As I said, I learnt of the news about Hodgson on my way back from a National Black Police Association conference. When I was there I had conversations with officers about race relations training in the force and how this had not changed the prejudices or outcomes of policing to any significant degree but had merely taught officers what not to say and how to become ‘clever’ about how they can exercise their attitudes without being caught. In the time since race relations training was introduced the numbers and proportion of Black youth stopped and searched has risen dramatically yet it is increasingly hard to substantiate complaints of racism. Quite simply the more knowledgeable people with power become about what to watch out for the more confident they become in getting away with what they can.

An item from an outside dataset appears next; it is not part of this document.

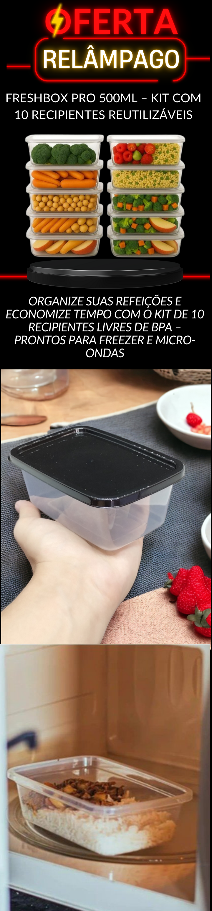 FreshBox Pro 500ml – Kit com 10 Recipientes Reutilizáveis

That is why I have long argued the key to changing police culture is to screen would-be applicants extremely thoroughly rather than simply attempt to train them once they are already through the doors, as it is very hard indeed to get them out the door again having sworn the oath. As for ‘unconscious bias’ training, as well as falsely assuming that all ‘bias’ is unconscious there is an in-built assumption that any bias is as a result of self-replicating tendencies of hiring people that look like them rather than unpicking deep-seated prejudices that are often transmitted from generation to generation.

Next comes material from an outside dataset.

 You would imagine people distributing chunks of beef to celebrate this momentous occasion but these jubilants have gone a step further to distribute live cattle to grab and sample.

I must admit when I learnt the news about Hodgson’s ‘joke’ I was so incensed I tweeted that he should go. This provoked a wave of condemnation from other twitter users, none of whom I follow or who follow me, all of which I faced down with my customary zeal! After contemplation perhaps it isn’t the England managers’ resignation that is required so much as a brave and honest statement from him about the journey he has personally made to combat racism and an acknowledgement that he is still on the journey. Perhaps even admitting that he could benefit from help of others to delve deep and assist him grow.

Of course this would be too much to expect but it would be the intellectually and morally right response from a man who many seem to regard as intellectual and upstanding, at least by football’s standards. But instead we witnessed a wave of denial and a stream of commentators who don’t know pronouncing they do and giving Hodgson a clean bill of health. It was dishonesty all round. But hey, we’re through to the World Cup!